The Stock Market Crash as Cause
All short-run analyses of the Great Depression shared a common attribute. They focused on the immediate causes and impacts of the New York Stock Market collapse of 1929, and they asserted that the resulting devaluation of wealth and disruption of the banking system explained the intensity of the crisis. The “business confidence” thesis was perhaps the best example of this school of thought. It held that regardless of the mechanisms that caused the collapse, the dramatic slide of the stock market created intensely pessimistic expectations in the business community. The shock to confidence was so severe and unexpected that a dramatic panic took hold, stifling investment and thereby a full recovery.
A more comprehensive formulation of the short-run argument directly confronted the question of why financial markets collapsed. Looking to the political and institutional distortions created by the Treaty of Versailles, some writers (such as Irving Fisher and Lionel Robbins) argued that the depression was the inevitable consequence of the chaotic and unstable credit structure of the twenties. The principal irritant consisted of a dangerous circle of obligations and risks, epitomized by the Dawes Plan of 1924, in which the United States lent funds to Great Britain, France, and Germany, at the same time the Allies depended on German reparations to liquidate their American debts. By 1928 American banks were already quite wary of the situation, but their predictable response, cutting back on loans to European governments, merely made the situation worse.
Moreover, the demise of the gold standard in international trade and demands that Germany make reparations payments in gold created a net gold flow into the United States that led to a veritable explosion of credit.

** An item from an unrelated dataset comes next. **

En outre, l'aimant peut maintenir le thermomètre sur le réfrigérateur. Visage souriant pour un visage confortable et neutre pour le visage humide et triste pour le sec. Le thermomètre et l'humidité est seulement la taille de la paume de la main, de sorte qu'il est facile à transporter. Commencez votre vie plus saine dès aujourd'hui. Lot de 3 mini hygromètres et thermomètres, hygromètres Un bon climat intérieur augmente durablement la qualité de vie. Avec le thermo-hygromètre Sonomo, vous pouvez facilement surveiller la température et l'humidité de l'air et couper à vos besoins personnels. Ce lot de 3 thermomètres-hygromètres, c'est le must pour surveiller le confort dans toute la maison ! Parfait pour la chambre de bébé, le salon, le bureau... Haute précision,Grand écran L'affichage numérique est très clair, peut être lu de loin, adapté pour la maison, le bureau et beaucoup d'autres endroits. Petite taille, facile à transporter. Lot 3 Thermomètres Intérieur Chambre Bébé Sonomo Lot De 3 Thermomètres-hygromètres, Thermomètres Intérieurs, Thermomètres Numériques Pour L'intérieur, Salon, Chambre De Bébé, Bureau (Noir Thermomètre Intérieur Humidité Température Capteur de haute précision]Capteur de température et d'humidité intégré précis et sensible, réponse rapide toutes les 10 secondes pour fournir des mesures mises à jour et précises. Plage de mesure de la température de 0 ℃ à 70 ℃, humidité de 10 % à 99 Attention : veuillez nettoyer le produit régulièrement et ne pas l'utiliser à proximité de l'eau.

Extremely unstable credit arrangements thereby emerged in the twenties, and once the crash came, the collapse of the banking system was quick to follow. Thus excessive credit and speculation, coupled with a weak banking network, caused the Great Depression.

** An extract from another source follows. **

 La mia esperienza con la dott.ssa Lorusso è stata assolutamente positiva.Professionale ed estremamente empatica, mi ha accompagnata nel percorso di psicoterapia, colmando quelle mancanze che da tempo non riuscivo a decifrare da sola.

Another version of the short-run approach concerned the immediate effects of the crash on consumer wealth and spending. The severity of the downturn, it was argued, resulted in a drastic devaluation of consumer wealth and a loss of confidence in credit. The resulting decreases in purchasing power left the economy saddled with excess capacity and inadequate demand.
None of these short-run arguments were completely convincing. Because the business confidence thesis was subjective, it was virtually impossible to evaluate in the light of historical evidence. There was also the objection that notions like these mistook effect for cause; the economic circumstances of the thirties may have generated pessimism and panic, rather than being caused by such feelings.

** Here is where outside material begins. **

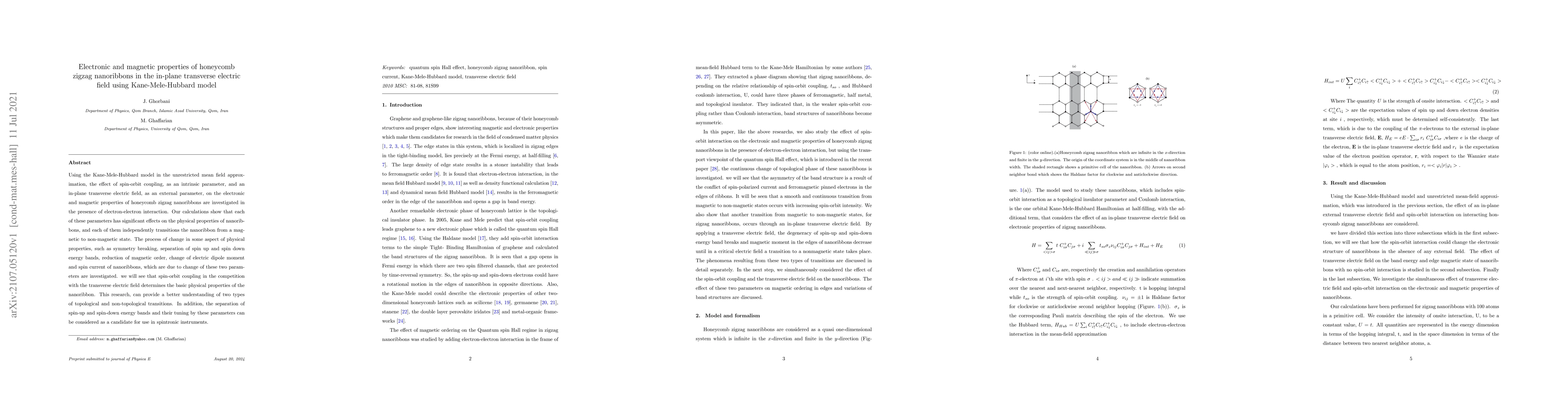 Using the Kane-Mele-Hubbard model in the unrestricted mean field approximation, the effect of spin-orbit coupling, as an intrinsic parameter, and an in-plane transverse electric field, as an external parameter, on the electronic and magnetic properties of honeycomb zigzag nanoribbons are investigated in the presence of electron-electron interaction. Our calculations show that each of these parameters has significant effects on the physical properties of nanoribbons, and each of them independently transitions the nanoribbon from a magnetic to non-magnetic state. The process of change in some aspect of physical properties, such as symmetry breaking, separation of spin up and spin down energy bands, reduction of magnetic order, change of electric dipole moment and spin current of nanoribbons, which are due to change of these two parameters are investigated. we will see that spin-orbit coupling in the competition with the transverse electric field determines the basic physical properties of the nanoribbon. This research, can provide a better understanding of two types of topological and non-topological transitions. In addition, the separation of spin-up and spin-down energy bands and their tuning by these parameters can be considered as a candidate for use in spintronic instruments.
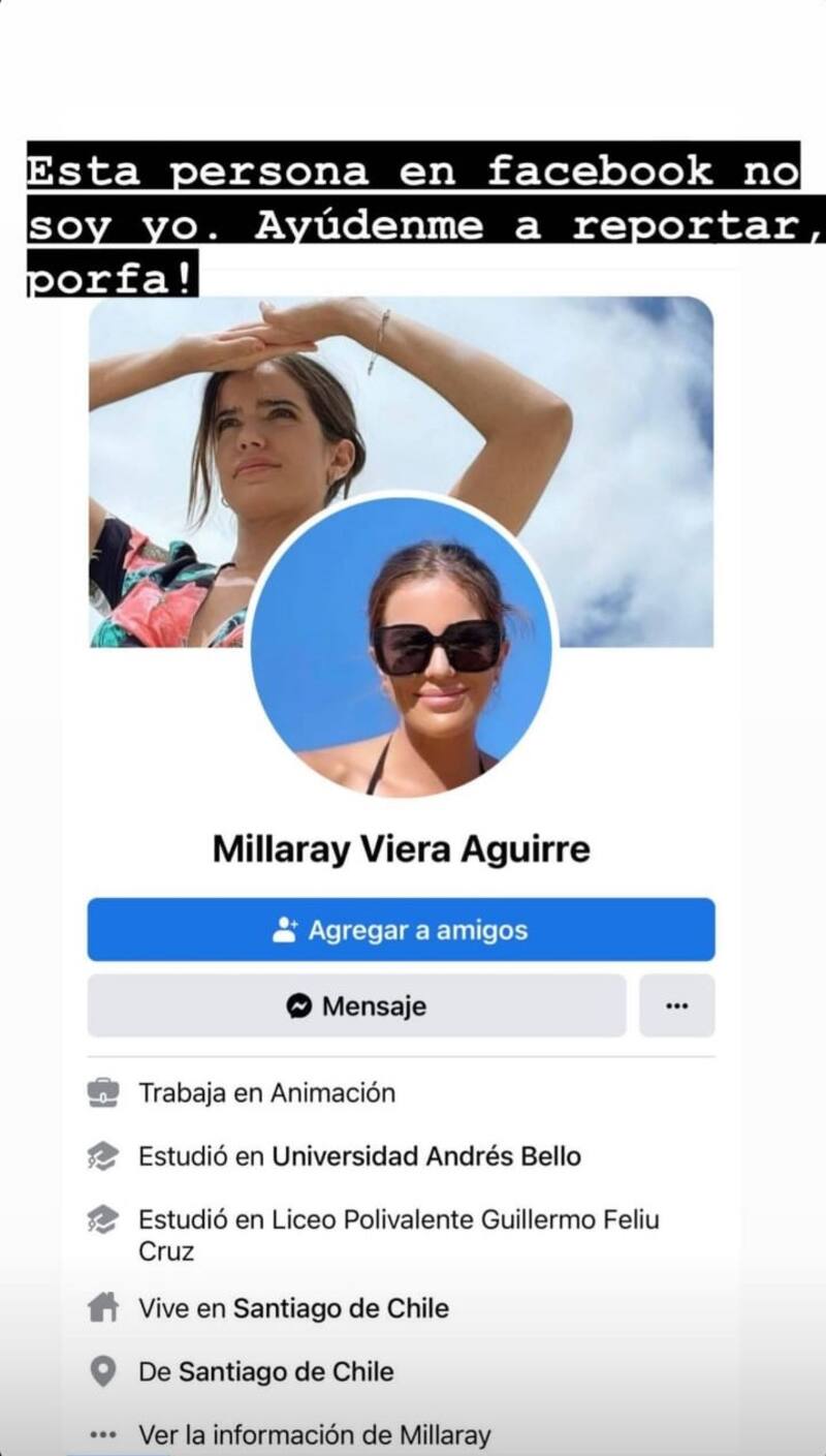 Millaray Viera contó a través de una storie en su perfil de Instagram, que existe una cuenta en Facebook que se hace pasar por ella. Para evitar al máximo cualquier problema que se pudiera presentar por esta situación, la conductora de Sabingo pidió ayuda a sus más de 706.000 seguidores.

Later economists frequently rejected the excessive credit and speculation argument on the grounds that it abstracted too boldly from real rather than monetary events in the interwar economy. Indeed, business cycle indicators turned down before the stock market crashed. Indices of industrial production started to fall by the summer of 1929, and a softness in construction activity was apparent in 1928. Such critics as John Kenneth Galbraith held that “cause and effect run from the economy to the stock market, never the reverse. Had the economy been fundamentally sound in 1929 the effect of the great stock market crash might have been small … the shock to confidence and the loss of spending by those who were caught in the market might soon have worn off.”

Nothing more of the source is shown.